By John Fritze
The Baltimore Sun.
In a case that could have a profound impact on the rights of pregnant employees, the Supreme Court on Wednesday wrestled over whether a Maryland UPS driver faced discrimination when she was asked to leave her job because her pregnancy prevented her from lifting heavy packages.
At issue is whether a 1978 federal law requires companies to assign expecting mothers light duty or shorter hours if the business makes the same accommodations for injured workers.
Peggy Young, a Virginia resident who worked in Landover, Md., sued United Parcel Service in 2008 when a manager told her the company would not reassign her and that she could no longer perform her current job when her midwife recommended she not lift anything weighing more than 20 pounds.
She was required to take an extended leave of absence and lost her medical insurance.
Her case prompted the Maryland General Assembly to approve a state law last year preventing similar outcomes in the future. At least 14 other states, including California and Illinois, have adopted such measures.
In a surprising set of exchanges before the Supreme Court, the justices said they thought the 1978 Pregnancy Discrimination Act could be read two ways: both as extending “favored” treatment to pregnant women but also potentially allowing companies to deny special accommodations if the same policy is applied to off-the-job injuries.

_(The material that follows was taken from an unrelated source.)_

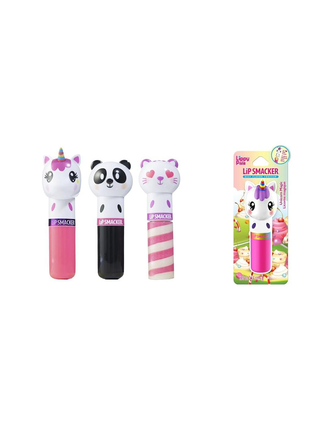 Este conjunto de bálsamos labiales de 3 piezas de Lip Smacker incluye sus populares Lippy Pals en divertidas formas de animales junto con un brillo labial. El primer componente es un conjunto de 3 bálsamos labiales en las formas de un unicornio, panda y gatito. Estos cuentan con fórmulas hidratantes para sanar los labios agrietados en sabores dulces como Magia de Unicornio, Crema Puff Acurrucada y Gatito Kiwi Dulce. El segundo componente es un bálsamo labial en forma de unicornio con el sabor Magia de Unicornio. Todos los bálsamos proporcionan un sutil brillo brillante mientras protegen y suavizan los labios. Estos adorables bálsamos labiales en forma de animales se complementan perfectamente para mantener tus labios saludables y felices. El conjunto de 3 piezas te permite descubrir una variedad de sabores y compartir con amigos. Combínalo con el bálsamo de unicornio individual para siempre tener el mágico sabor Magia de Unicornio a mano para ti. Con sus fórmulas hidratantes y su divertido empaque, estos productos son grandes regalos así como cuidado labial diario. ¡Explora el Mundo de Lip Smacker y haz crecer tu colección de bálsamos labiales con estos divertidos conjuntos!

“What we know about the [law] is that it was supposed to be about removing stereotypes of pregnant women as marginal workers,” Justice Elena Kagan argued in one of the more passionate interactions on Wednesday. “It was supposed to be about ensuring that they wouldn’t be unfairly excludedfromtheworkplace.”
Caitlin J. Halligan, representing UPS, said the company’s policy does not discriminate against pregnant women but rather treats those workers the same as employees who suffer an off-the-job injury. The company doesn’t necessarily make special accommodations for those injured outside of work.